Transcript
Hi, I am Dr. Liz Plowman.
Today I would like to talk about the differences between physical and occupational therapy.
Physical therapy and occupational therapy are two different professions, but we do have a lot of professional overlap, and we actually do work a lot together.
Physical therapy is going to be more focused on global movements. Those would be the larger muscle groups, mobility, balancing, walking, transferring, lifting, and improving physical activity. That would fall into the auspice of physical therapy. Occupational therapy is more focused on the specific activities that one would do. These would be more focused on how to brush one’s hair, how to write, how to handle things in the kitchen, how to cook, how to feed, how to figure out how to brush your own teeth, how to dress, and how to make that a little bit easier. That falls into occupational therapy. As I said, there is overlap. There are things that occupational therapists, or OTs, do that involves general movement and mobility, and there are things that PTs do that get into those more specific living activities. We work very, very well together. But I like to use the analogy if you think about—if one is in the hospital setting, the physical therapist is going to get you walking down the hall. The occupational therapist will make sure that you got dressed first. Physical therapy focuses on the larger muscle groups: the core, the back, the hips, the shoulders, and the legs. General movement¬—balancing, walking, mobility transfers, getting in and out of a chair, general strength, endurance conditioning, etc.
Occupational therapy focuses more on specific activities of daily living—so working on modifying how one brushes the hair, brushes the teeth, grooms, feeds, ordering equipment to make those activities a little bit easier. Dressing, how to hook and fasten buttons.

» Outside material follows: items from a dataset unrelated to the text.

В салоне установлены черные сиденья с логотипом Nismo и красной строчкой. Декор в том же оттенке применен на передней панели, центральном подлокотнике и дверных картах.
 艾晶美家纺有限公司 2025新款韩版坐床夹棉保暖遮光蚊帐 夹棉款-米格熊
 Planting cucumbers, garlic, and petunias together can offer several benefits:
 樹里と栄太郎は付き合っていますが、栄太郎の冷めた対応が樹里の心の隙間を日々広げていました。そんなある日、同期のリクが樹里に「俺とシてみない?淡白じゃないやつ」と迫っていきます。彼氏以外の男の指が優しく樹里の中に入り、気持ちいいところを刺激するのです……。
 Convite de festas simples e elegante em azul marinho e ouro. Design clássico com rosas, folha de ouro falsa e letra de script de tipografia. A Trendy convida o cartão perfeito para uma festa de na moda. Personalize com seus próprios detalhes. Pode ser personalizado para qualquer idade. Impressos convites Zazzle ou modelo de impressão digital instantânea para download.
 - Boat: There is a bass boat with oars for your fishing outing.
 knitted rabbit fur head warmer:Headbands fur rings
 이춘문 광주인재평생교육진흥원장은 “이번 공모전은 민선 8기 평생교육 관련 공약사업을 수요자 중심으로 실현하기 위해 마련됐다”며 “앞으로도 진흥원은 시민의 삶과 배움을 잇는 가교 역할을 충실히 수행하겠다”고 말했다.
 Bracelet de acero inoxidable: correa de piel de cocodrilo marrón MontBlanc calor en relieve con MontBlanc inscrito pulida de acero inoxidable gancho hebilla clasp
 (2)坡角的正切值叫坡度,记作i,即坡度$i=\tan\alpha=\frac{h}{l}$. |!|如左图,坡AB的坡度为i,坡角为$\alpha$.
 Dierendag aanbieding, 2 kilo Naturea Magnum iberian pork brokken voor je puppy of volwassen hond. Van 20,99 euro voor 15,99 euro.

For example, if you’re having issues with strength in the arms, how to get a shirt on, how to get that on over the head, how to fasten behind the back, how to get a belt around, things like that—those specific dressing-type activities fall more into occupational therapy.
So, big movement, think physical therapy. Little movement, think occupational therapy.
Physical therapy would look different for each person with myasthenia gravis depending on where they are in their journey, but it can be beneficial from down to simple things like preventing falls and energy conservation, all the way to improving physical activity, exercising, and enjoying those fun, outdoor activities.
I hope you found this video helpful. If you have any questions about myasthenia gravis or physical therapy, please talk to your health care provider.